Part of the issue is that macro funds tend to do well on bad news and market shocks. The financial crisis, the Italian bond crisis in 2018 and the coronavirus crisis have provided some of their best trades.
But, in between, the long periods of low volatility and rising markets often witnessed over the past decade have given them little to do. Quantitative easing squashes the bond market volatility they love to bet on. Trying to analyse the economic impacts of QE can be downright confusing, while market moves can appear to bear little relation to macroeconomic fundamentals anyway.
Elliott Management, for instance, one of the hedge fund industry’s most respected firms, recently wrote to clients that they had “a great deal of trouble conceptualising” what permanent QE might do to economic growth and inflation. Odey founder Crispin Odey told clients “it dawned on me only slowly” that his short selling was not working because all stocks are cheap relative to bonds.
In such QE-dominated markets, trading becomes a matter of trying to grind out small returns from tiny market inefficiencies, while hoping that the options that managers hold against a crisis come good.

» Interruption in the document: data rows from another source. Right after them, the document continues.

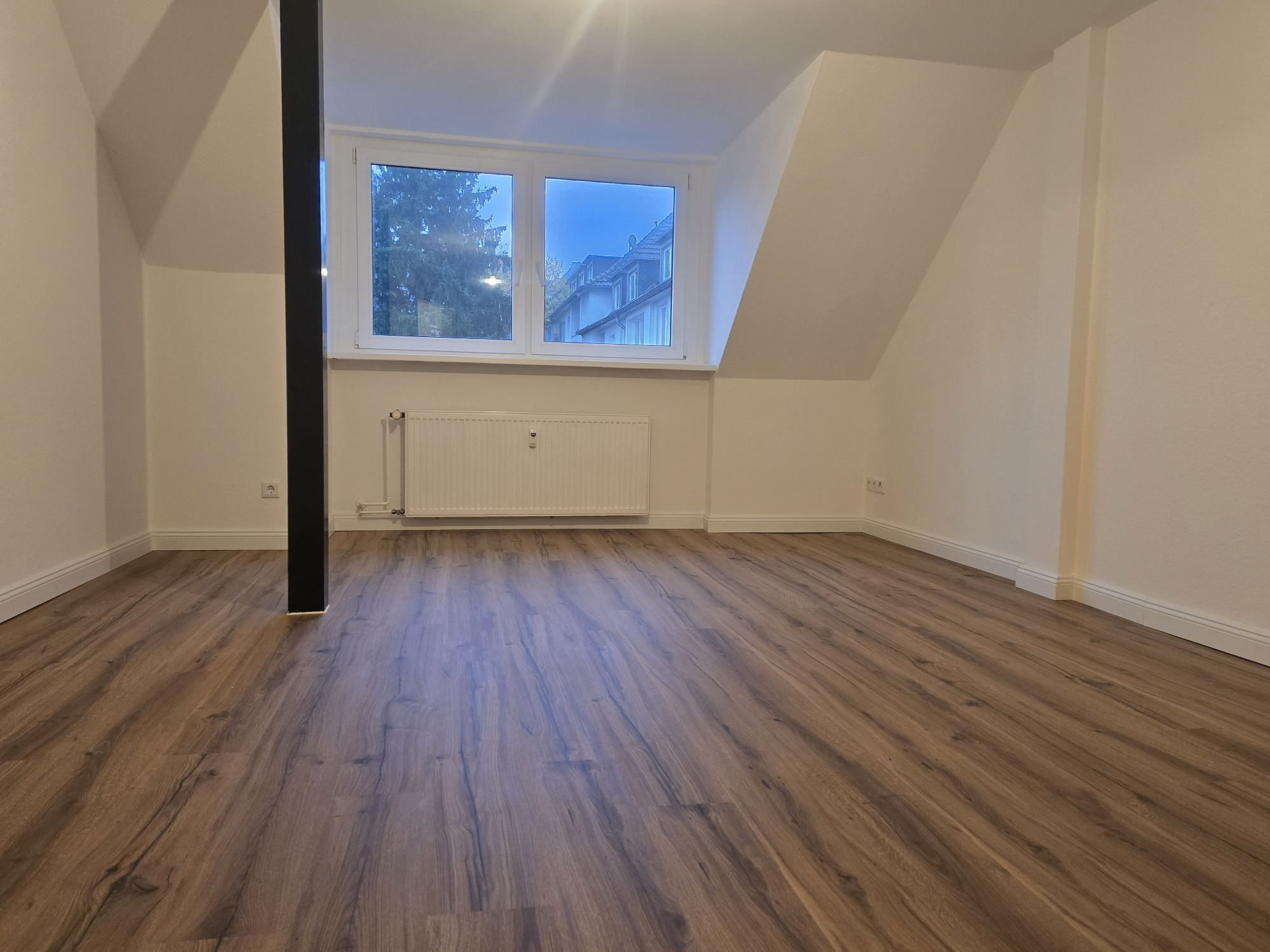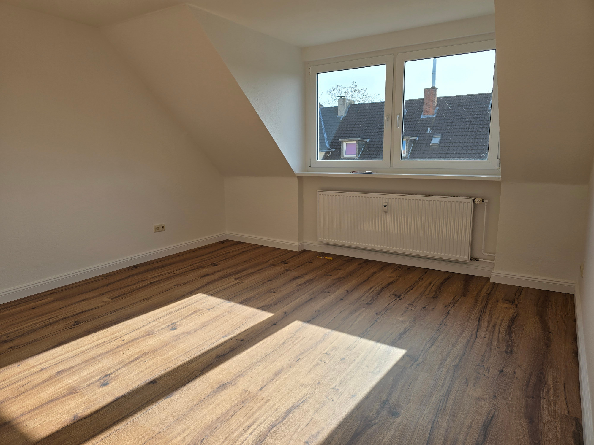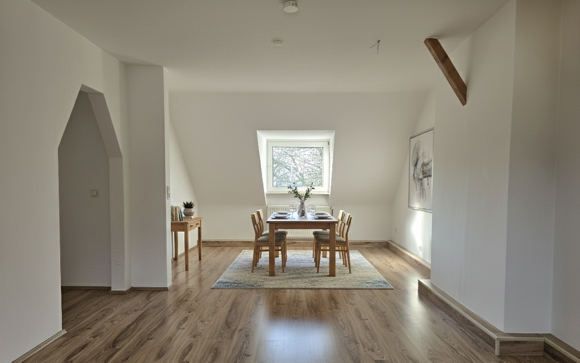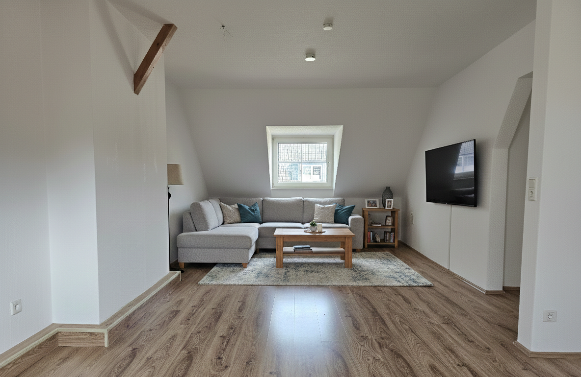 Diese wunderschöne, ca. 34 m² große Dachgeschosswohnung präsentiert sich nach einer umfassenden und kompletten Haus- und Wohnungssanierung in erstklassigem Zustand. Hier erwartet Sie ein modernes Zuhause mit hochwertiger Ausstattung und gemütlichem Wohnambiente.
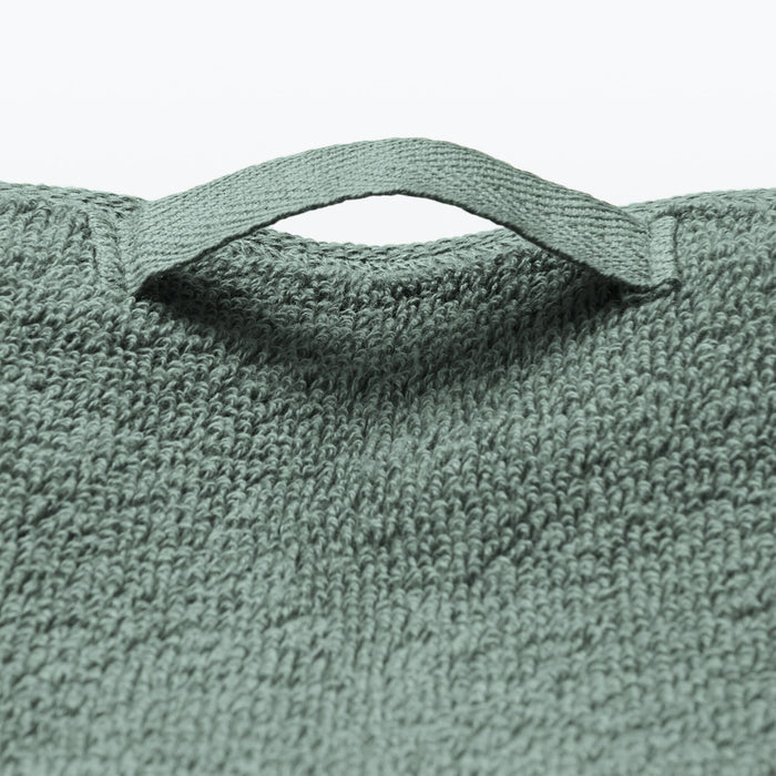 This towel's soft and fluffy pile weave has strong absorbency, ideal for drying wet hands, washing your face or wiping off sweat. There is a loop in the corner that lets you hang it easily.
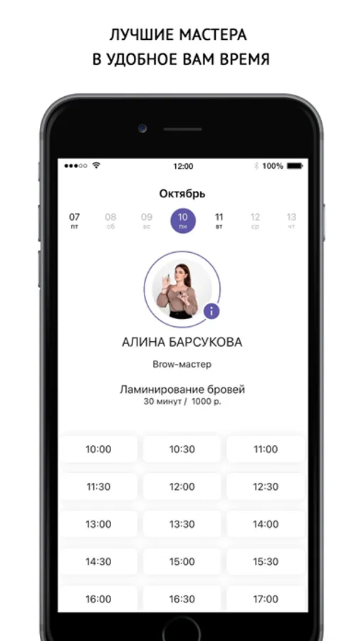 В нашем приложении Вы можете записаться к любимым мастерам 24/7
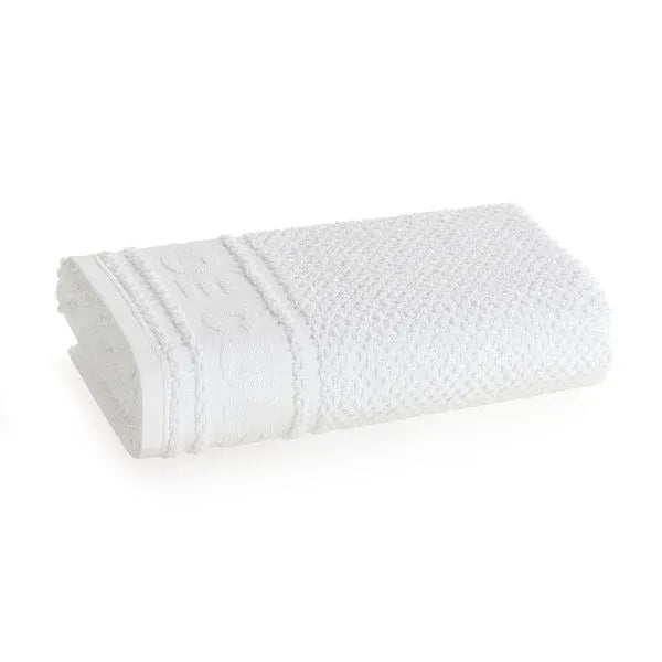 A barra Jacquard adiciona um toque de sofisticação ao design, enquanto o tecido felpudo proporciona uma sensação de conforto e uma absorção de alta qualidade.
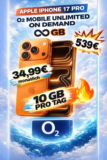 iPhone 17 Pro + o2 Unlimited – Deal-Übersicht Grundgebühr 34,99 € Zuzahlung 539 € Datenvolumen ...
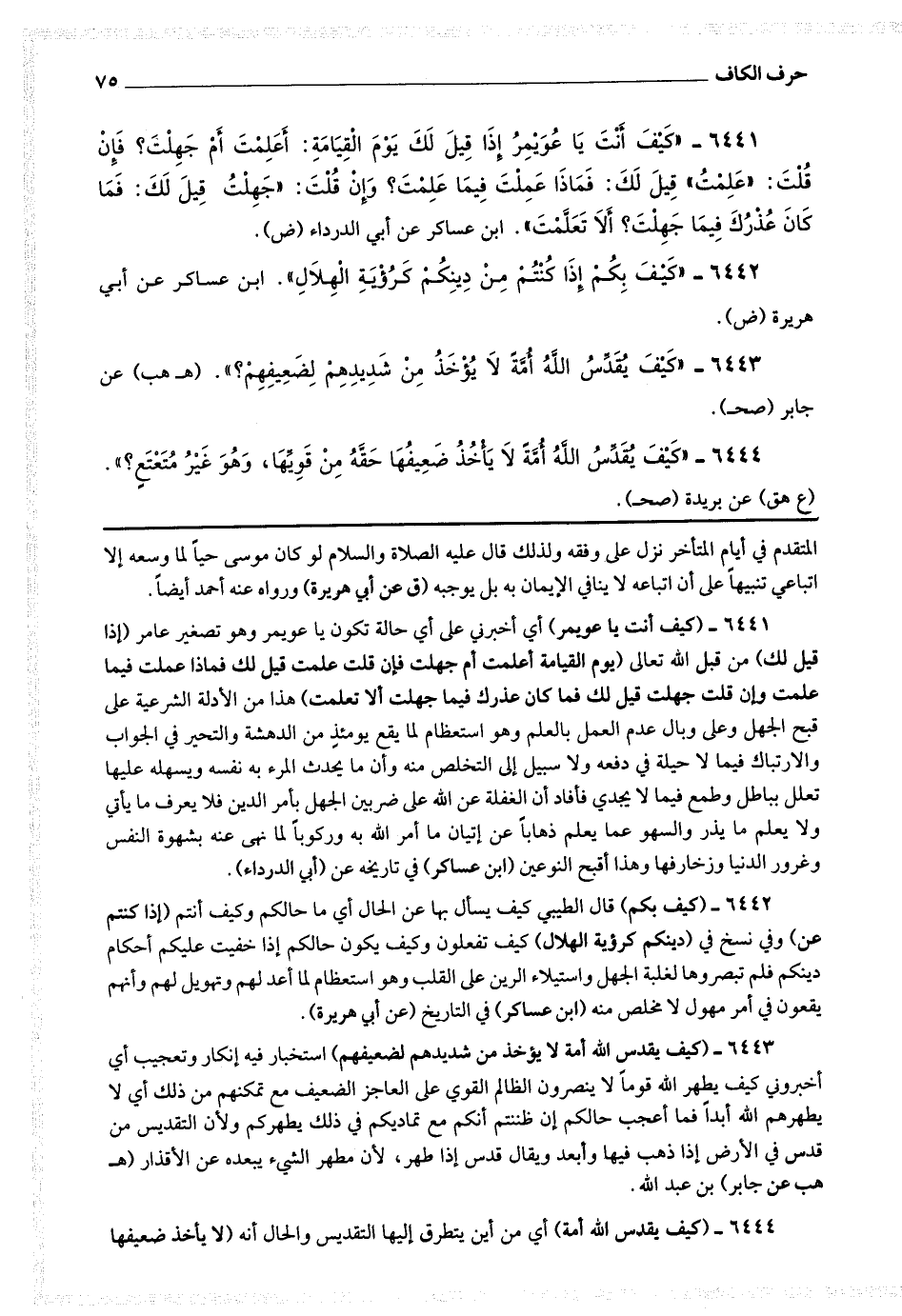 6443 - (كيف يقدس الله أمة لا يؤخذ من شديدهم لضعيفهم) استخبار فيه إنكار وتعجيب أي أخبروني كيف يطهر الله قوما لا ينصرون الظالم القوي على العاجز الضعيف مع تمكنهم من ذلك أي لا يطهرهم الله أبدا فما أعجب حالكم إن ظننتم أنكم مع تماديكم في ذلك يطهركم ولأن التقديس من قدس في الأرض إذا ذهب فيها وأبعد ويقال قدس إذا طهر، لأن مطهر الشئ يبعده عن الأفذار.
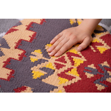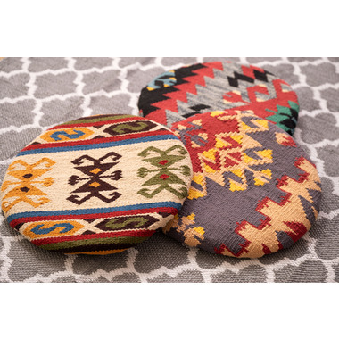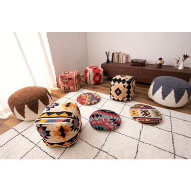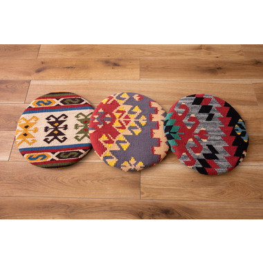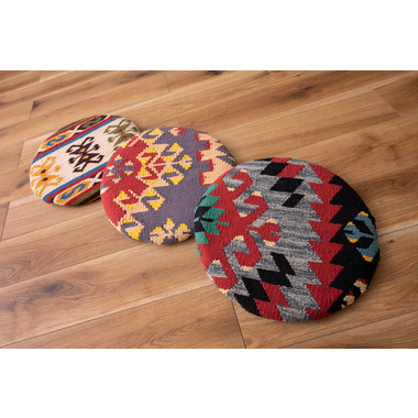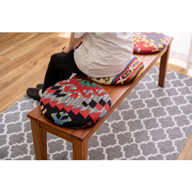 ●中近東の織物『キリム』でできたシートクッション。●温かみのあるオルテガ調模様のクッションはデザイン性のあるインテリアやシンプルなお部屋にも合わせられるワンポイントアイテムです。●座面部分にクッションがないチェアやベンチ、スツール等に合わせてクッション性とデザイン性の両方を楽しむ事ができるシートクッション。●持ち運びに便利なサイズなのでアウトドアやキャンプ等に持っていくのも良いですね。
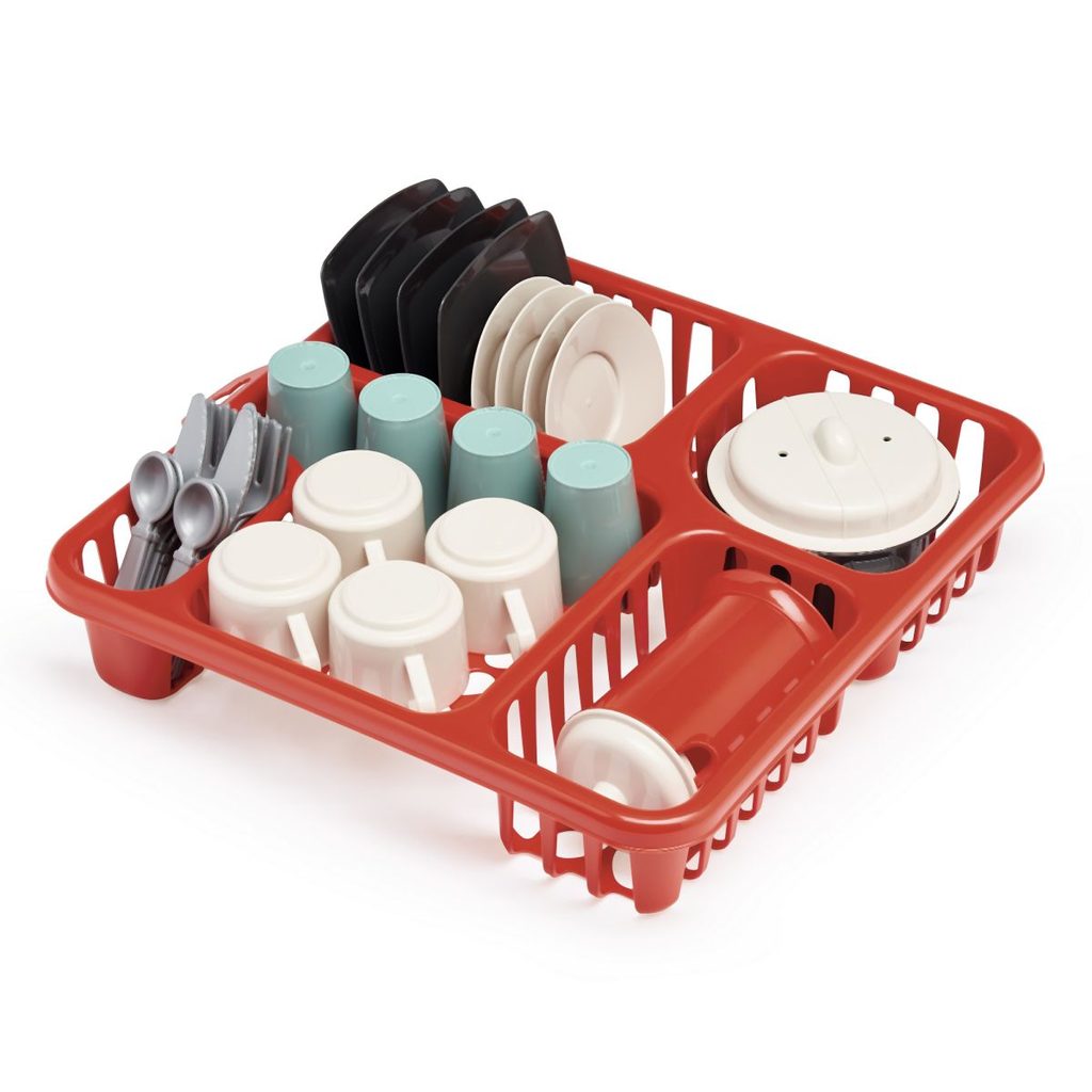 Velká sada nádobí s odkapávačem obsahuje hrníčky, příbory, talíře, hrnec s poklicí, konvičku s poklicí a šálky s podšálky. Rozměry odkapávače 29,5 x 10 x 29 cm. Věk: 18M+ Velká sada nádobí s odkapávačem obsahuje hrníčky, příbory, talíře, hrnec s poklicí, konvičku s poklicí a šálky s podšálky. Rozměry odkapávače 29,5 x 10 x 29 cm. Věk: 18M+
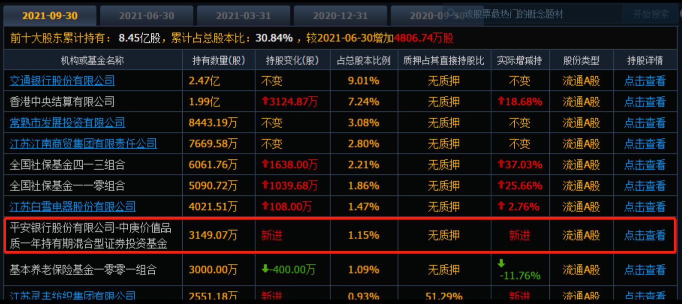 今日,银行板块表现强势,常熟银行涨停。在常熟银行今日披露的三季报中可以看到,中庚价值品质新进常熟银行三季度末前十大流通股东,位列第七。3149.07万股持仓如按9月30日收盘价计,市值2.02亿元,刚好低于基金第十大重仓股兰花科创的2.04亿元,大概率是该基金的第一大“隐形重仓股”。
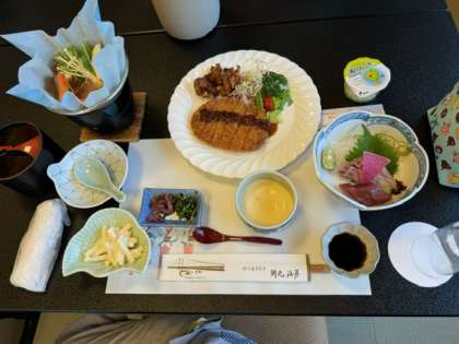 豪華な食事を用意していただき、子どもたちも笑顔で頬張っています。美味しいご飯を食べられることも当たり前ではありません。私たちが気持ちよく過ごせるように準備してくださってる旅館の方々に感謝の気持ちをもって過ごしたいですね。
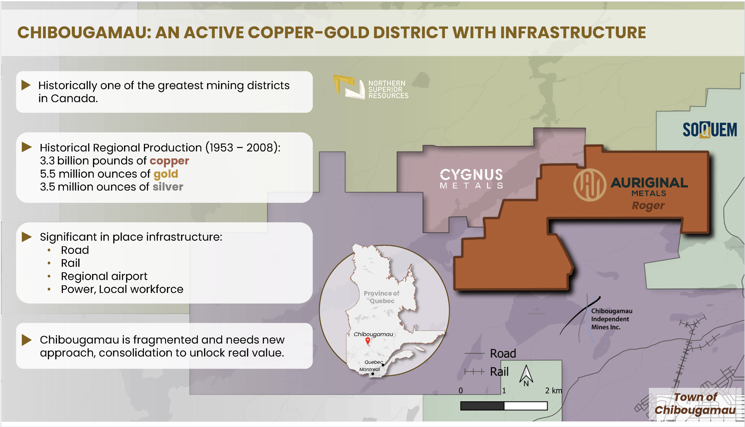 Chibougamau possède une riche histoire minière, avec de nombreuses mines en production dans un rayon de 15 km, incluant le projet Opemiska de la Société ainsi que les projets Cedar Bay, Devlin et Corner Bay de Cyngus Metals. La région de Chapais-Chibougamau a historiquement produit 1,6 million de tonnes de cuivre et environ 6 millions d’onces d’or entre 1953 et 2008.
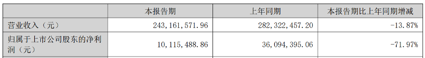 公司上半年度實現營業(yè)收入24,316.16 萬元,同比下降 13.87%;實現歸屬于上市公司股東的凈利潤 1,011.55 萬元,同比下降 71.97%。
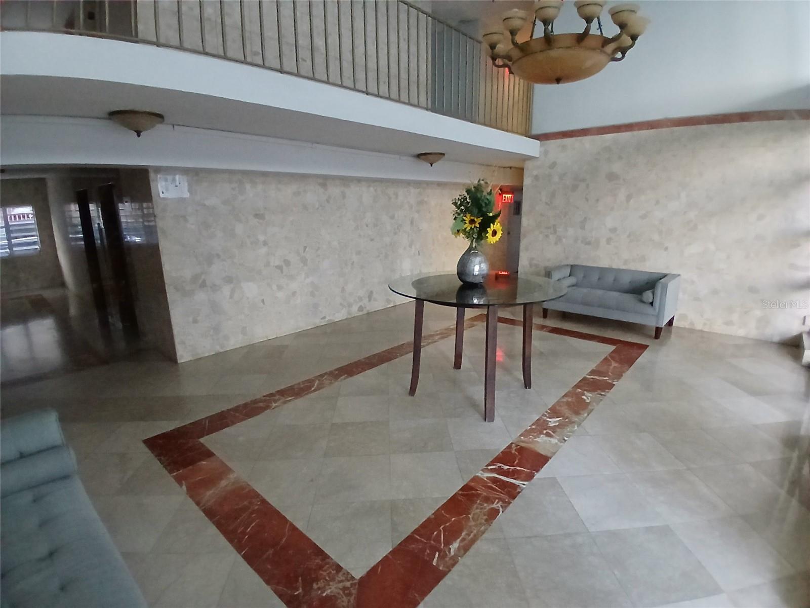 Upon entering unit 907 one enters an entrance hallway with the kitchen to the right. To the left in the entrance hallway is a walk in closet with the bathroom on the other side of the walk in closet. The entrance hallway feeds into the combination dining/living room/bedroom great room. To the left of the great room is another entrance to the unit's bathroom. Straight and to the right across the great room is the unit's covered balcony. Straight and to the left of the great room is another closet. The New San Juan condominium building itself has a number of amenities and activities including, but not limited to, pool, poolside barbecue, gym, laundry room, common office area, activity room and 24 hour security.
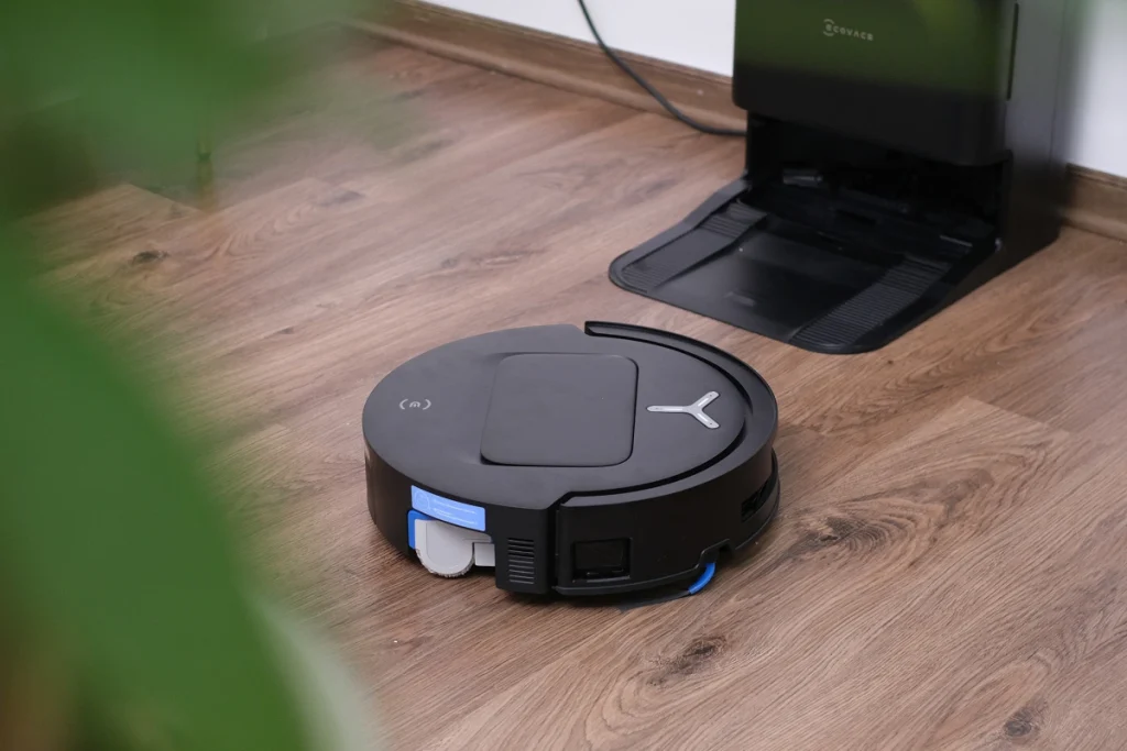 Thay vì có nắp che toàn bộ mặt trên như X8, T80 chỉ có nắp nhỏ che phần hộc đựng rác, các nút bấm bật, tắt. Phần nhựa nhám cho cảm giác không cao cấp bằng X8. Ecovacs cũng dần đưa công nghệ Lidar ẩn ở cạnh bên thân trở thành trang bị tiêu chuẩn cho dòng T, khiến phần lồi bên trên biến mất, robot mỏng hơn giúp chui vào được gầm ghế, giường. Các hãng khác như Dreame, Roborock hiện thử nghiệm cả cảm biến Lidar thò thụt, chỉ hạ xuống khi gặp vật cản để tối ưu độ mỏng.
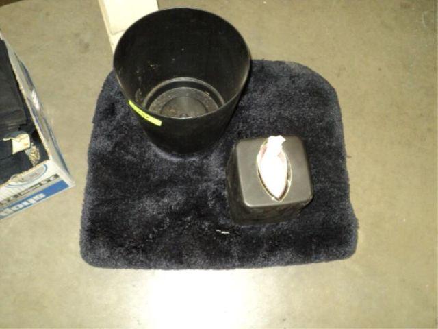 2 BATHROOM RUGS, WASTE BASKET, KLEENEX HOLDER

Fortunately for them, there could be some choppiness ahead for markets as inflation pressures loom and central banks start to tighten monetary policy.
This week the Fed said that a growing number of its officials expected an interest rate rise next year, while an announcement on tapering its vast $120bn-a-month asset purchase programme looks likely in November. And the Bank of England said inflation was likely to peak above 4 per cent, strengthening the case for tightening. The OECD has sharply increased its inflation forecasts.
Akshay Krishnan, head of macro and relative value strategies at Stenham Asset Management, sees “very tradeable opportunities” coming up in bonds and currencies for macro funds.
“Looking ahead into next year the rubber will meet the road on important questions around inflation being transitory or not and the extent to which various countries will reopen and economic activity picks up,” he said.
Markets have remained relaxed in recent months about inflation and policy tightening. If they are proved to have been too complacent then macro funds could soon find that the reflation trade is back on.